Например, столичные поэты страдают московизмом. Это абсолютное отсутствие своей стилистики, асфальтная вышколенность. И когда я, предположим, встречаю какого-нибудь узбекского или грузинского автора и слышу от него живое слово — ну, скажем, «урюк», — я дико радуюсь: это слово, привезенное оттуда!
Я жду, когда кто-то из молодых поэтов или прозаиков напишет свою книгу. Когда бы я сказал: «Этот парень приехал из Магадана или с Сахалина и по стилистике, по событиям, по миру, который он с собой принес, я вижу, что он действительно оттуда! Другой не напишет эту книжку. Только — он. Ну, назови мне хоть одну книжку судьбоносную… нет, я это слово не люблю…
— Давай заменим его на «дикоросскую»?..
— Да! Которая взрастала где-то на пустыре, как у Ахматовой: «Когда б вы знали, из какого сора растут стихи, не ведая стыда…». Нынешние бесчисленные премии — это все литератронство! Литерантронство, где отсутствует личность, скажем, уровня Артюра Рембо!

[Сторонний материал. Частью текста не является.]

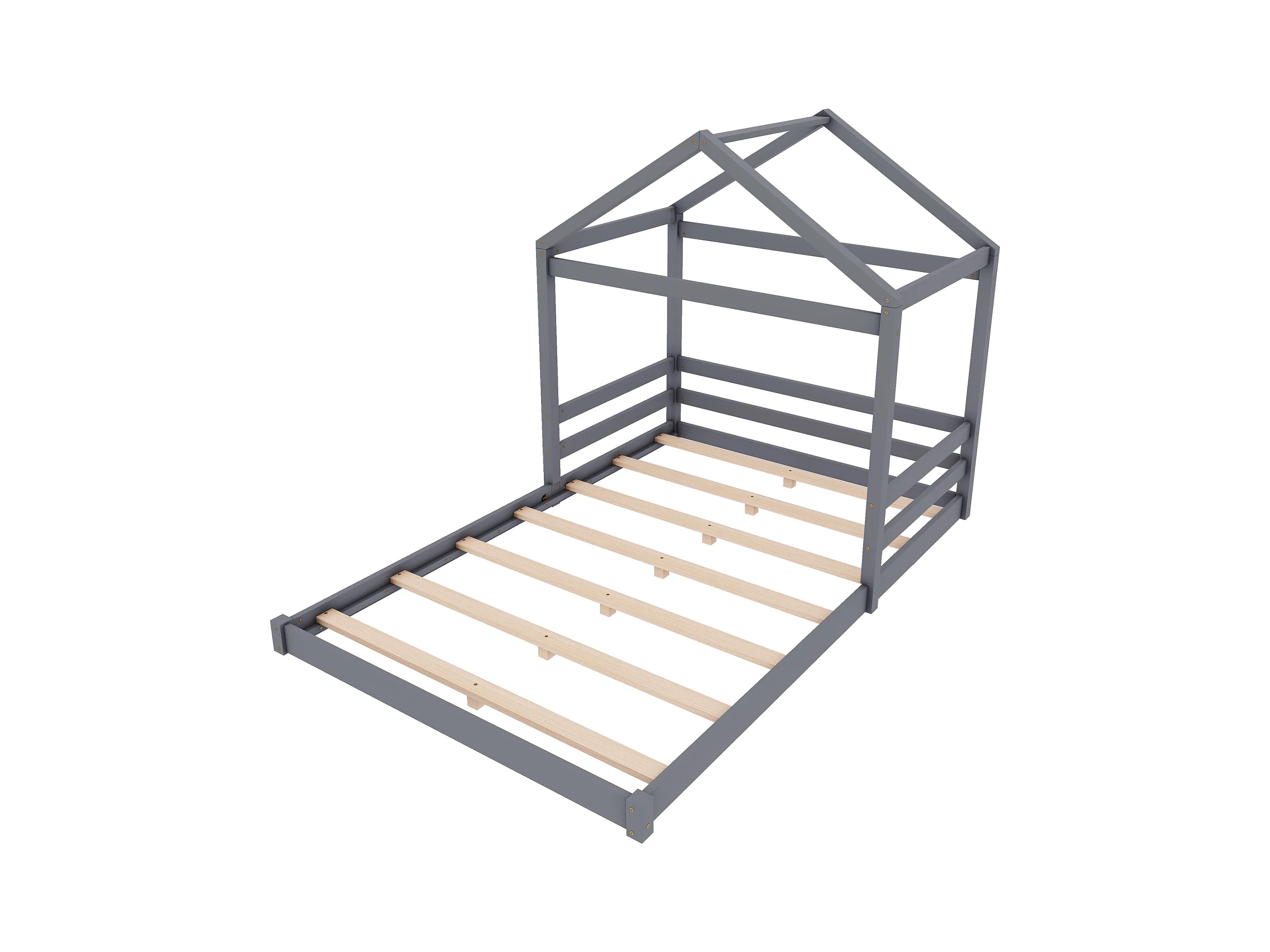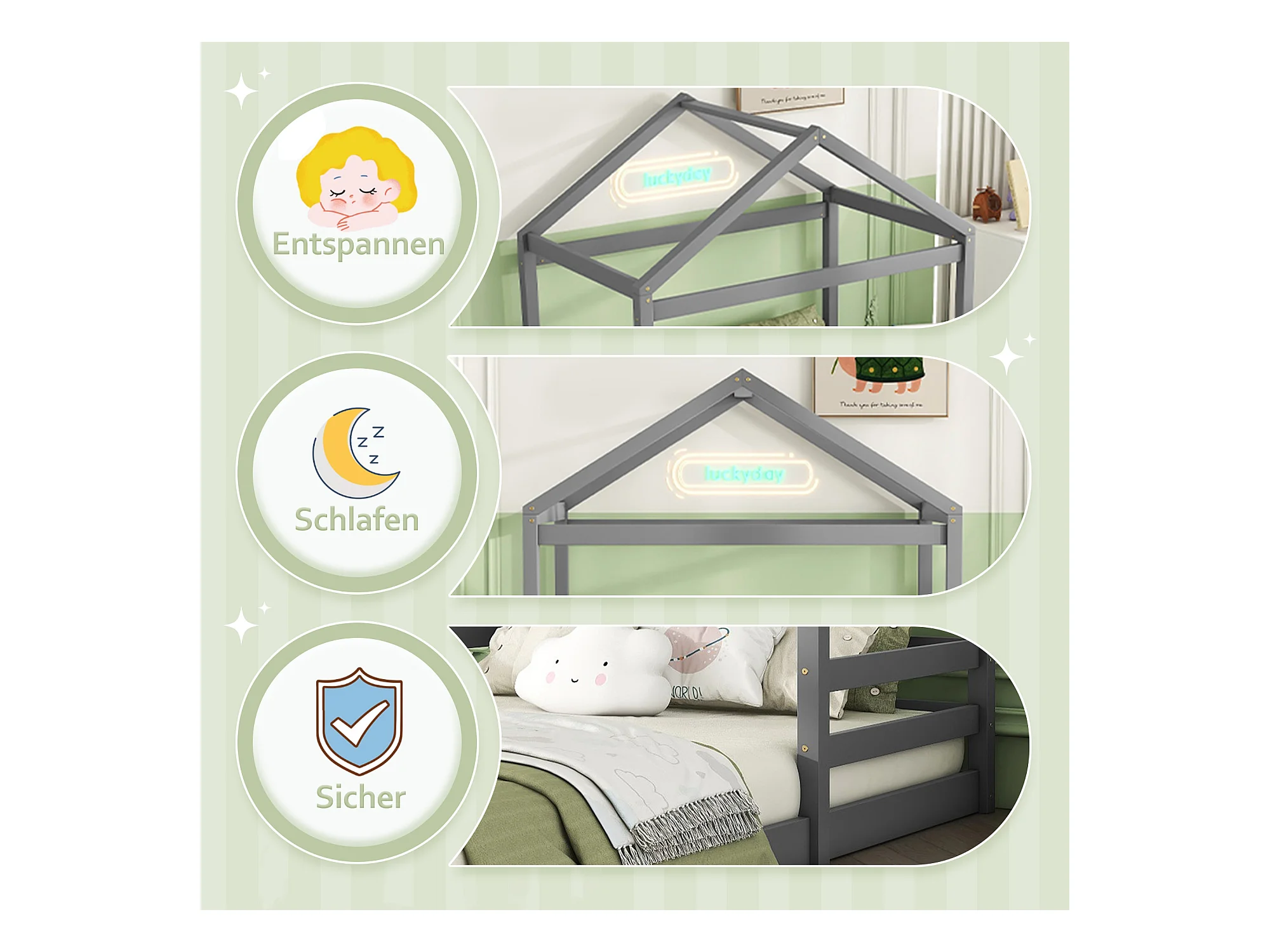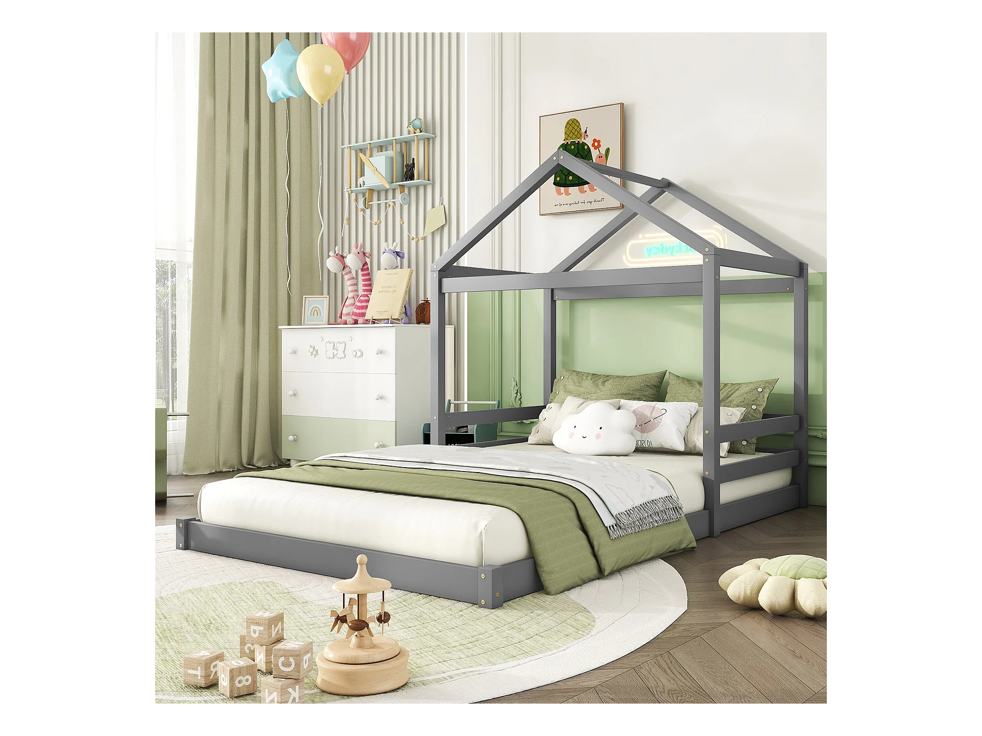 Cama infantil casita 140x200 cm en madera maciza con base, estilo minimalista gris

— Может быть, надо вопрос поставить иначе: не «отсутствует личность», а она пока не открыта? Возможно, эти люди существуют, но они еще не замечены?
— Ты понимаешь, в чем дело: если талант есть, он все равно проявится, он закричит! Заплачет на каком-нибудь углу, в какой-то деревне. Ты вот жил там у себя на Урале…
— Я и сейчас там живу…
— …и вдруг приехал в Москву — и тебя все узнали. Но где сейчас такие судьбы? Я их не вижу! Мне еще, помню, давно-давно Вознесенский сказал: «Вот есть Юра Беликов!». Я прочитал твои стихи, думаю: действительно, талант! Нет таких! То ли прошло время… Знаешь, почему, оно, наверное, прошло? Потому что тогда все хотели оказаться в Москве. А сейчас можно не то что бы пристроиться, а как бы прилуниться в провинции — и быть поэтом. Это вообще — нормальное состояние.
— Как в Штатах?
— В Штатах — тоже самое! Это — вопрос коммуникаций. Если бы мы с детства ездили на Запад, то, может быть, жили бы по своим провинциальным городкам, а потом спокойно навещали Москву и возвращались бы в провинцию. Я одно время очень хорошо себя чувствовал, живя в Симферополе и наезжая в столицу раз в три месяца на две-три недели. Обходил все редакции, знакомился, с кем хотел, разносил свои стихи — и смывался обратно.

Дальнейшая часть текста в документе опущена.